#### [What is required]
Skip all pictures, then copy the lines from the start of the data through the line with "The active component", keeping both ends.

** Opening The records block **

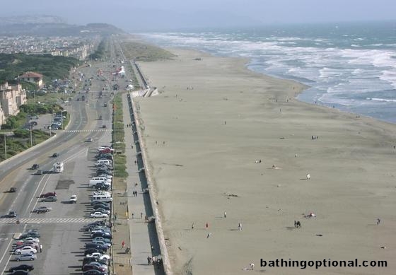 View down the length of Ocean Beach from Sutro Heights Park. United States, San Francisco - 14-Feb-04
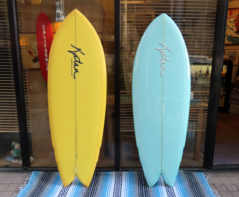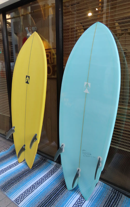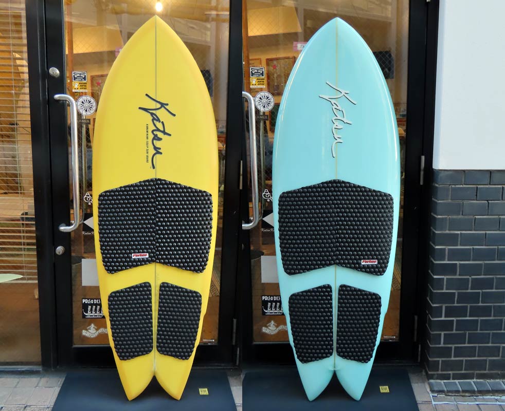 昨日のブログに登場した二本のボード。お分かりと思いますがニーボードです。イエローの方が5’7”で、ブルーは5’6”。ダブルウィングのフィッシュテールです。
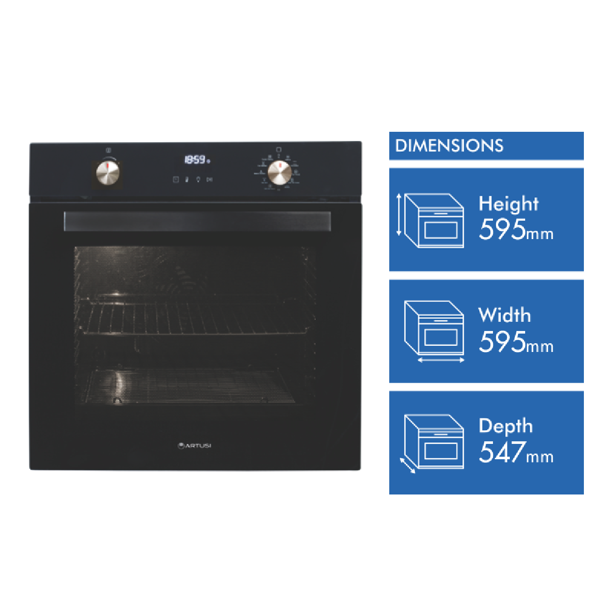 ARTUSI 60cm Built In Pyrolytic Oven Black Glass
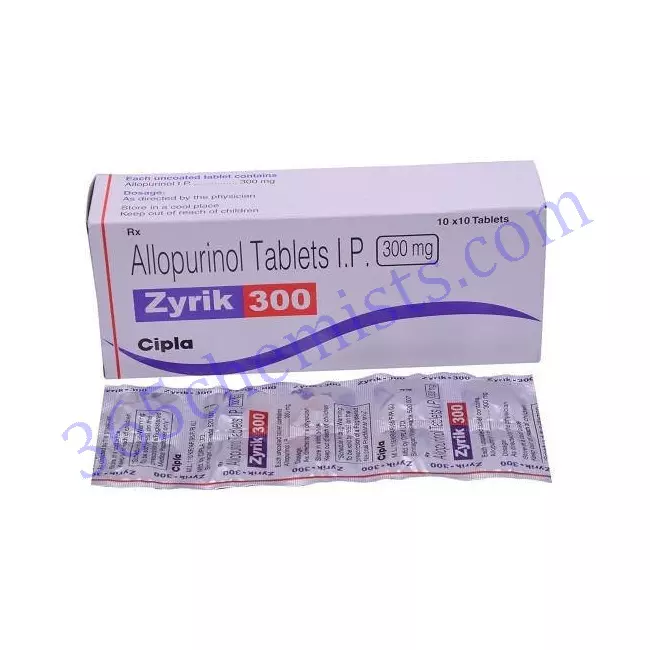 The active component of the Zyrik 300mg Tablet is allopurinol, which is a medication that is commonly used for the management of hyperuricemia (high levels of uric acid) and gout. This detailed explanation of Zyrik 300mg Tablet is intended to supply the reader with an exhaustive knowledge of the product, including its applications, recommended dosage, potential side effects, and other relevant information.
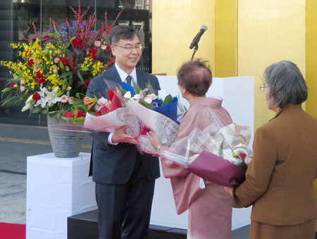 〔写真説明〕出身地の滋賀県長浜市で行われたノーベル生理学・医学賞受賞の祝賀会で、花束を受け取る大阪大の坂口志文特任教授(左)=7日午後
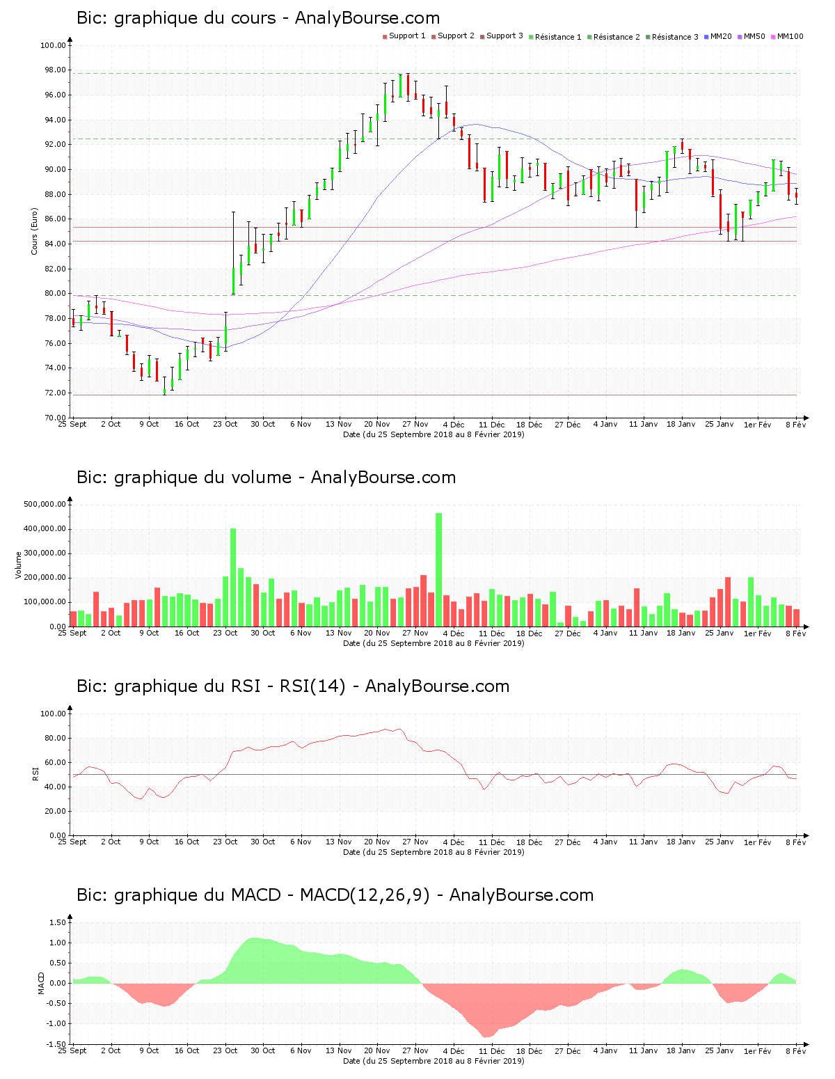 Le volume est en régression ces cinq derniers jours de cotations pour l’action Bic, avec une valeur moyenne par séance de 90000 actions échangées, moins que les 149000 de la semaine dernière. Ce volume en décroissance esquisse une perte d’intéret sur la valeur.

** Closing The records block **

#### [Finished task]
 View down the length of Ocean Beach from Sutro Heights Park. United States, San Francisco - 14-Feb-04
 昨日のブログに登場した二本のボード。お分かりと思いますがニーボードです。イエローの方が5’7”で、ブルーは5’6”。ダブルウィングのフィッシュテールです。
 ARTUSI 60cm Built In Pyrolytic Oven Black Glass
 The active component of the Zyrik 300mg Tablet is allopurinol, which is a medication that is commonly used for the management of hyperuricemia (high levels of uric acid) and gout. This detailed explanation of Zyrik 300mg Tablet is intended to supply the reader with an exhaustive knowledge of the product, including its applications, recommended dosage, potential side effects, and other relevant information.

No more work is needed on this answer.